John Deraney

No. 9
- Positions: Punter, placekicker

Personal information
- Born: September 5, 1983 (age 42) Fayetteville, Georgia, U.S.
- Listed height: 6 ft 4 in (1.93 m)
- Listed weight: 224 lb (102 kg)

Career information
- College: North Carolina State
- NFL draft: 2007: undrafted

Career history
- Detroit Lions (2007–2008)*;
- * Offseason or practice squad member only

= John Deraney =

American football player (born 1983)

John Deraney (born September 5, 1983) is an American former professional football punter and placekicker. He played for the NC State Wolfpack football program from 2003 to 2006, handling punts, kickoffs, field goals, and extra points. He also set an all-time NC State record by converting 76 consecutive extra points and also set the school's single-season record with 2,968 punting yards in 2006.

==Early life==
A Georgia native, Deraney played football at Fayette County High School.

==College career==
Deraney played college football as a punter and place-kicker for the NC State Wolfpack football program who redshirted in 2002 and played from 2003 to 2006. He was described as "a one-man special-teams show" and a "triple threat", handling punts, field goals, and kickoffs for the Wolfpack. He was one of only 10 players nationally to handle all three kicking functions in 2004, and one of only eight to do so in 2006. In 2005, the Blue Ribbon Football Yearbook declared Deraney "the most irreplaceable player on the Wolfpack roster."

On kickoffs, Deraney was known for the high percentage of his kickoffs that went for touchbacks. As a punter, he kicked 208 times for 8,366 yards, an average of 40.2 yards per punt and downed 61 punts inside the 20-yard line.
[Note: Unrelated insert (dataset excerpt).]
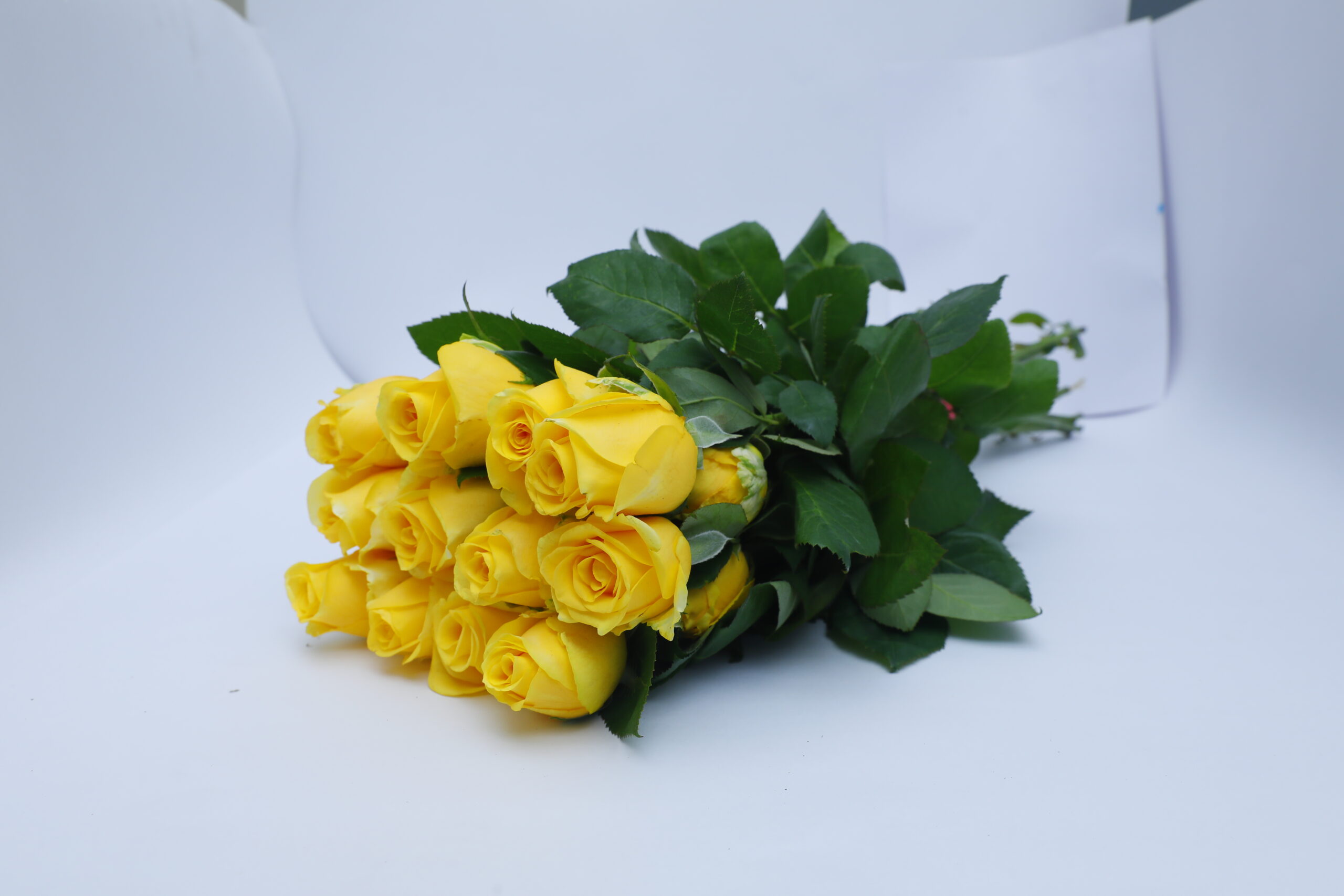 - This yellow rose has an elegant shape and color with its fresh, light yellow hue, complemented by beautiful dark green leaves and few or no prickles. Its bright colors mix warm shades of yellow, gold, and amber that really pop. This rose is perfect for bringing a little warmth and cheer to your garden or any bouquet!

On field goals, he converted 40 of 58 attempts. He also converted 84 of 85 extra points and totaled 199 points during his four seasons at NC State. His total of 40 field goals ranked fourth in NC State history when he left the program (ranks seventh currently). He also set NC State records by converting 76 consecutive extra points and tallying 2,968 punting yards in a single season in 2006.

Prior to his 2006 redshirt senior season, Deraney's father, who suffered from multiple sclerosis, was placed in hospice care and given six months to live. Deraney continued to kick through the 2006 season, converting 12 of 16 field goals and 22 of 23 extra points.

==Professional football==
In the spring of 2007, he was signed as an undrafted free agent punter by the Detroit Lions. His playing career was derailed by a torn ACL and meniscus in his left knee during the Lions' first preseason. In 2010, after extensive physical therapy and training, Deraney attempted a comeback, but he was not picked up by an NFL team.